- Work instructions
Of the material below, only the lines from the line containing "and a headcover." down to the line containing "- en-CA Niagara" belong in the answer, written out exactly.

(Material for this task)

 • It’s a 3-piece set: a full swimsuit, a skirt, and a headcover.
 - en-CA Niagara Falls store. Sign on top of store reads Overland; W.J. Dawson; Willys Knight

(End Material for this task)
(Material for this task)

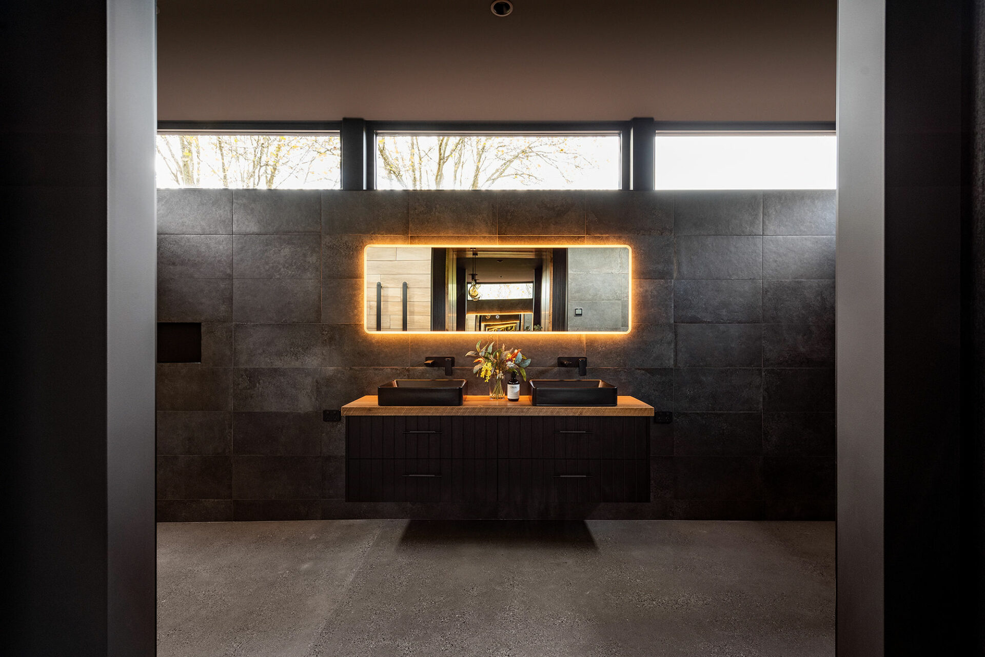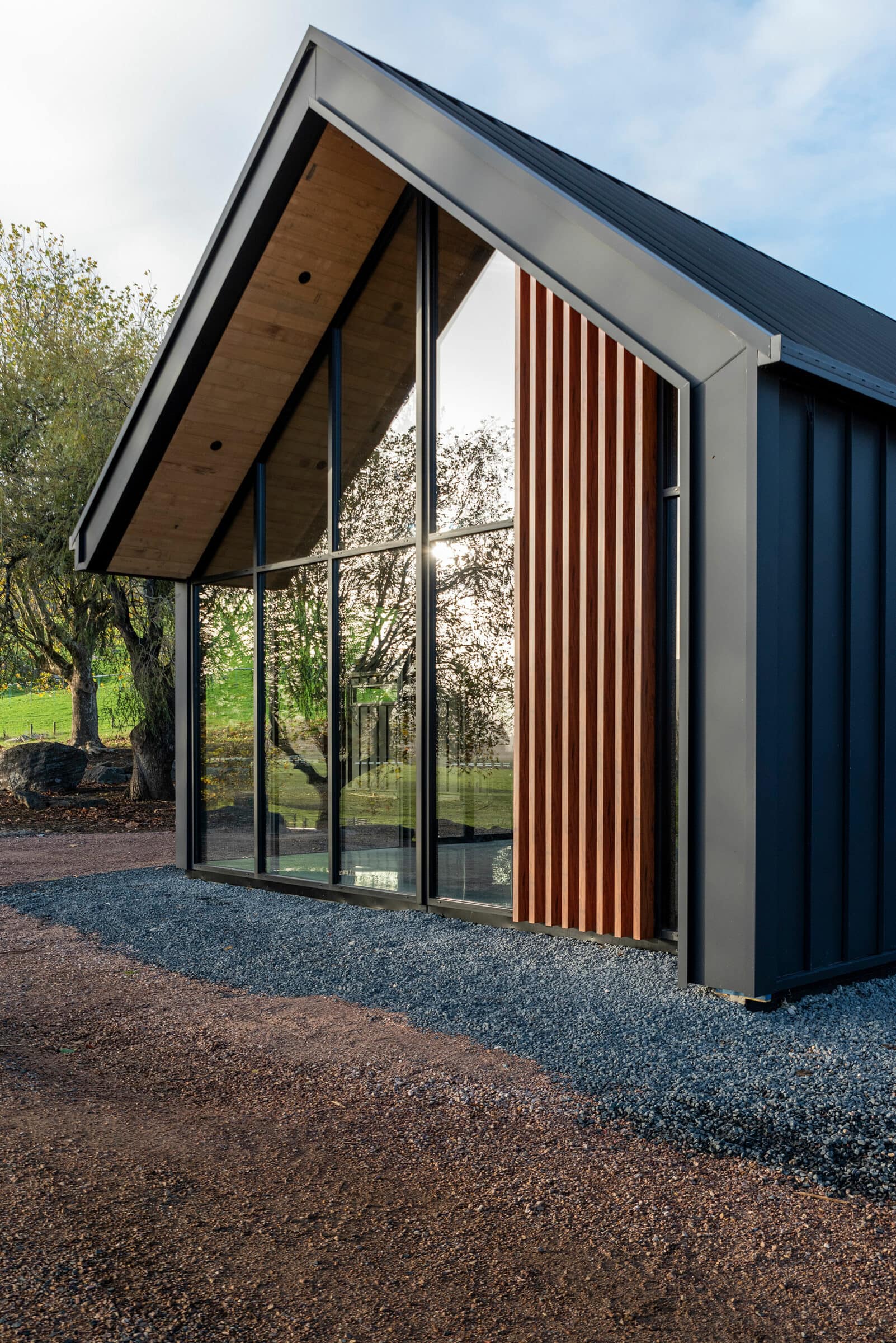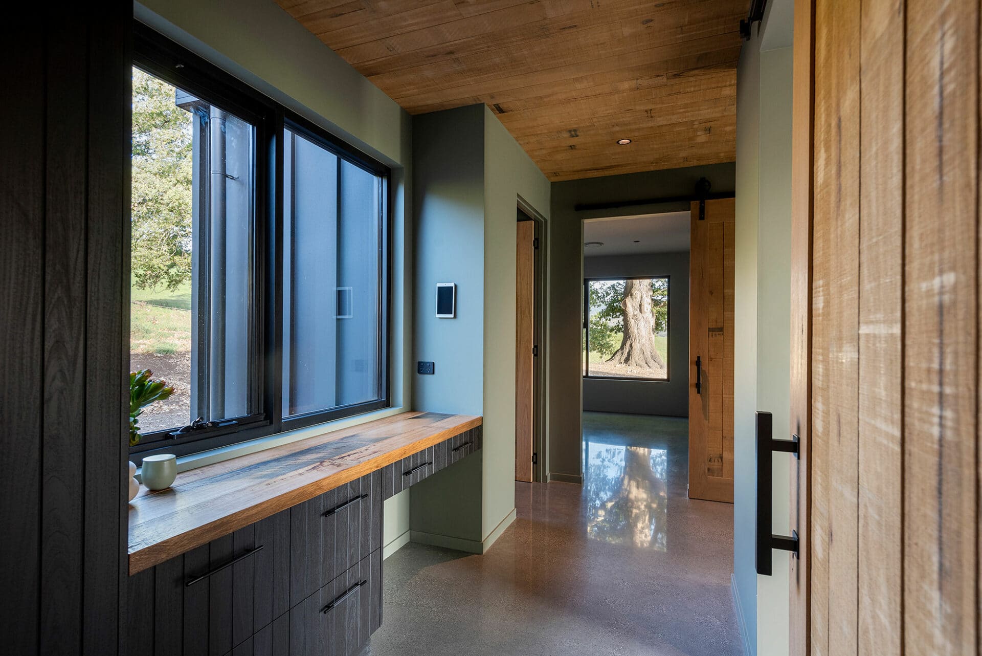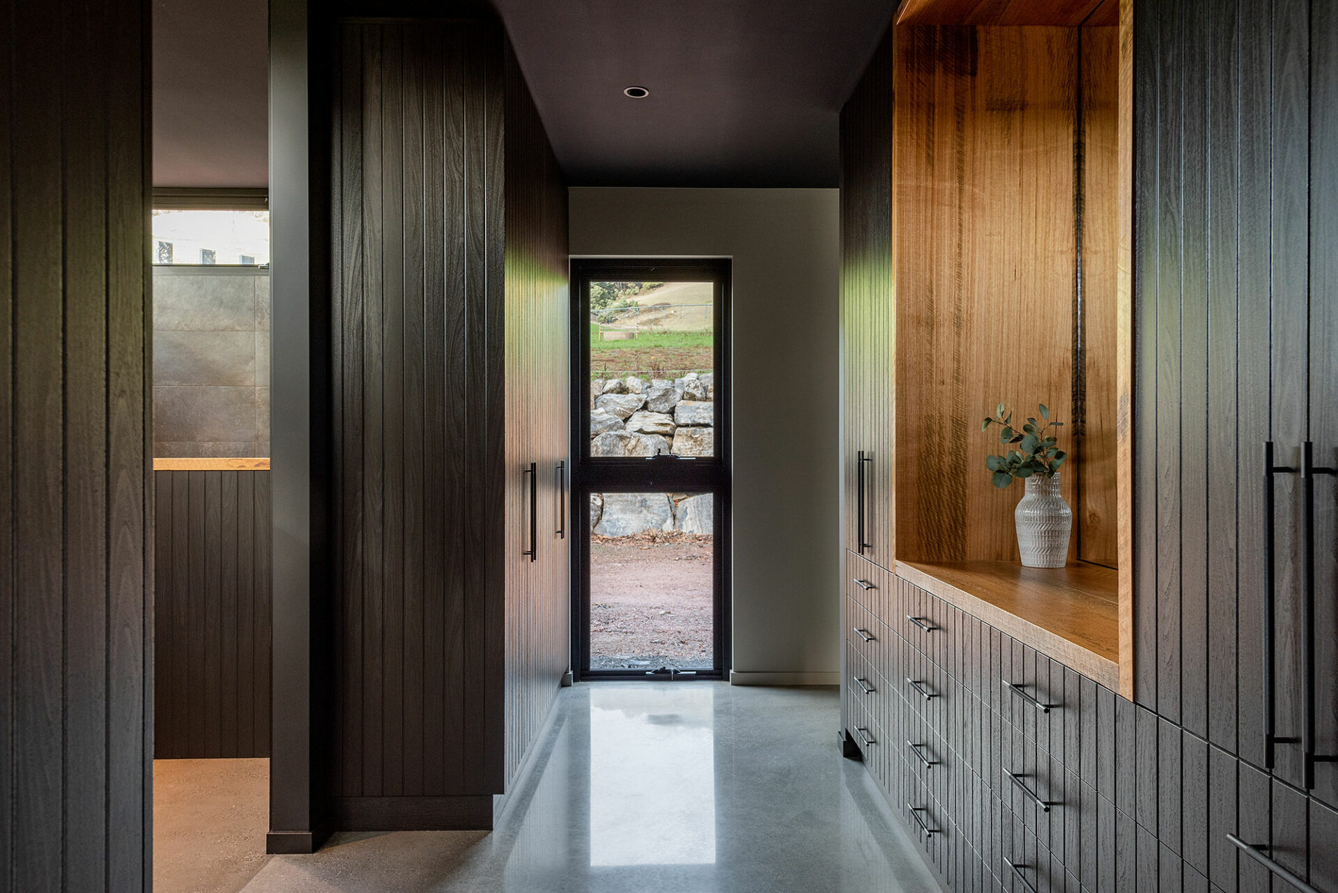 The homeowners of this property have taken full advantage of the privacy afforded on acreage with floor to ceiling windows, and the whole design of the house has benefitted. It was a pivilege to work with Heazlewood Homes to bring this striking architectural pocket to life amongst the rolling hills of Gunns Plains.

(End Material for this task)
(Material for this task)

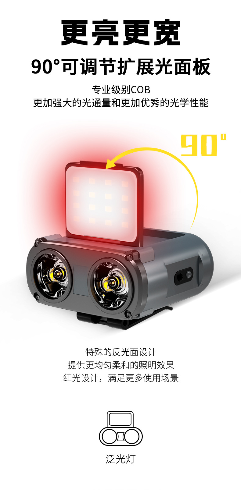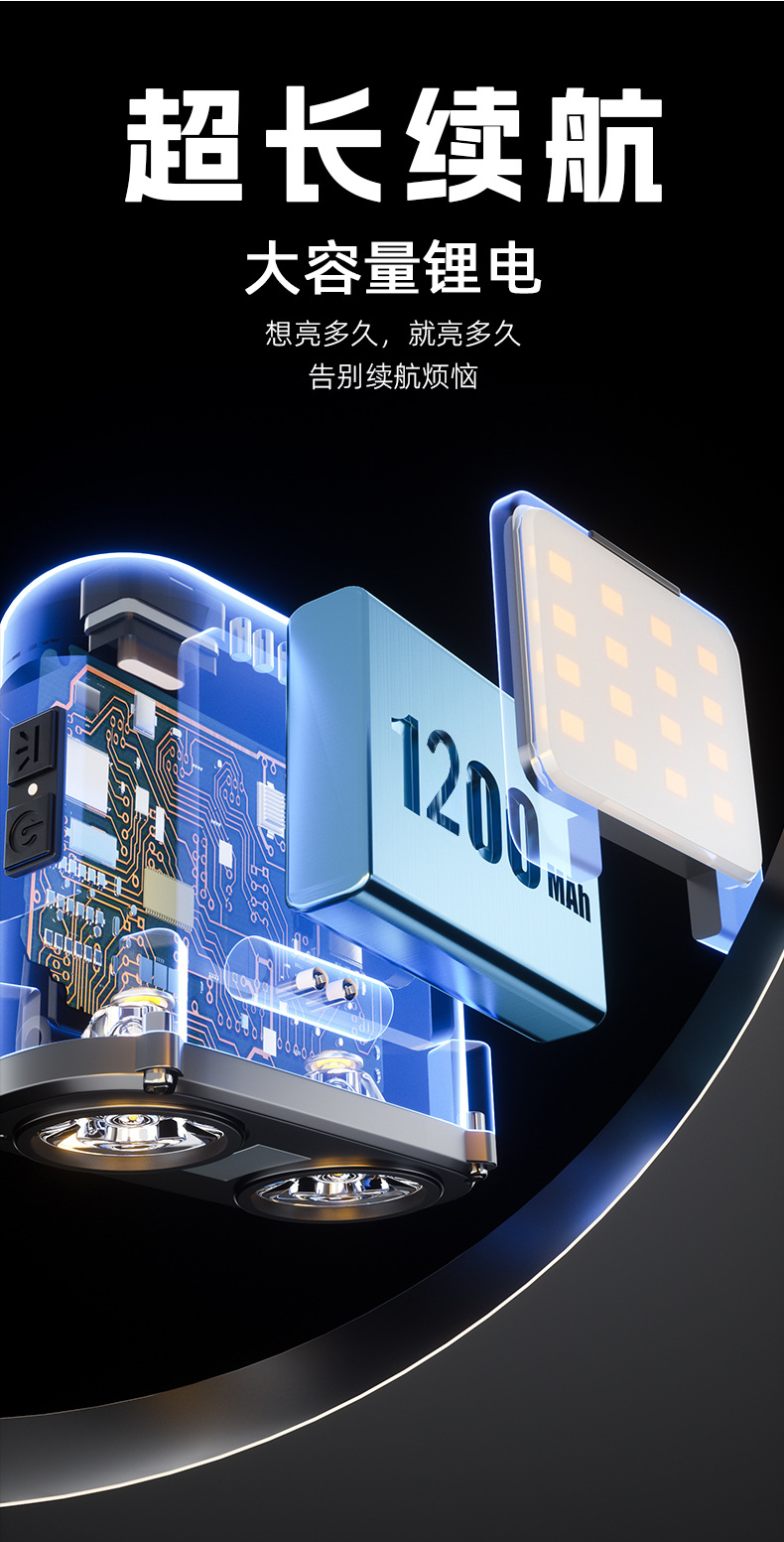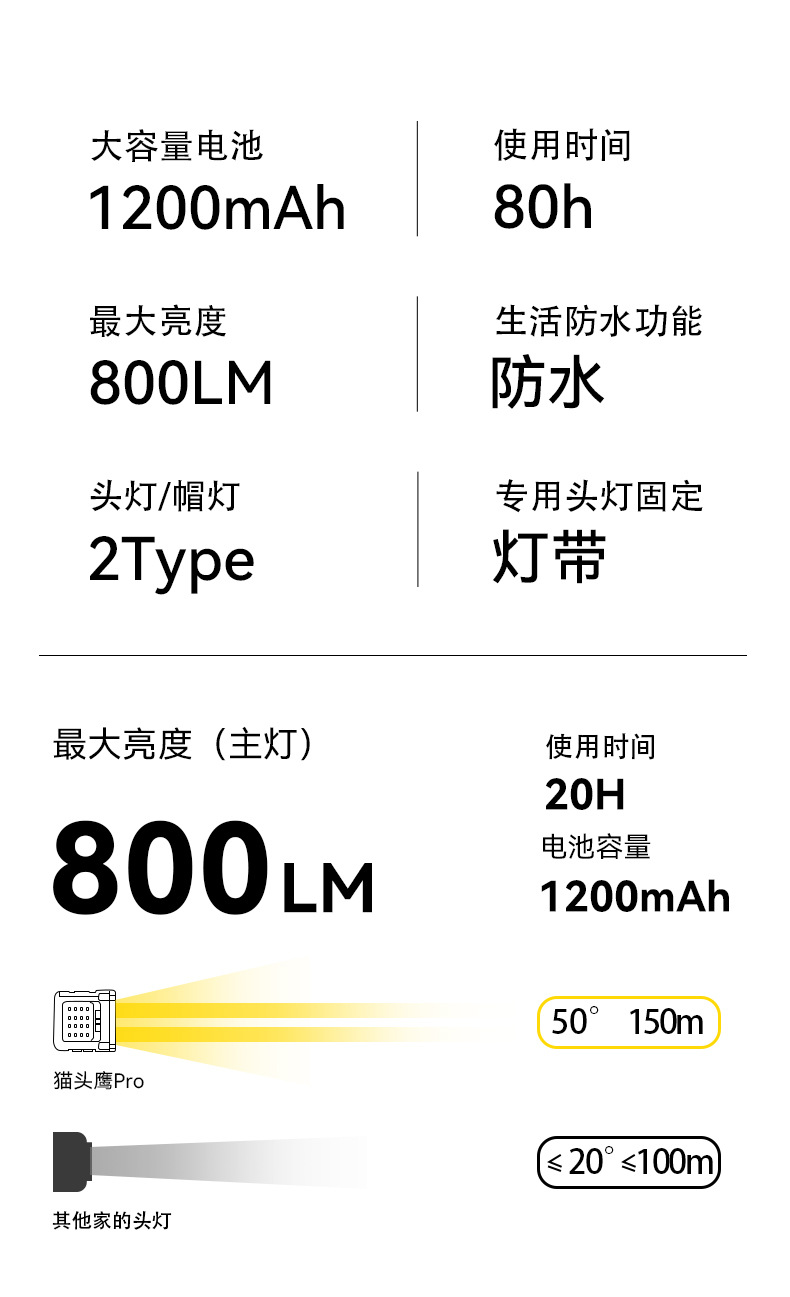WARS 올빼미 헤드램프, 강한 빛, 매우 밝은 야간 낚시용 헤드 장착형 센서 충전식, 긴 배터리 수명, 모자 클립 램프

(End Material for this task)

- Answer space
 • It’s a 3-piece set: a full swimsuit, a skirt, and a headcover.
 - en-CA Niagara Falls store. Sign on top of store reads Overland; W.J. Dawson; Willys Knight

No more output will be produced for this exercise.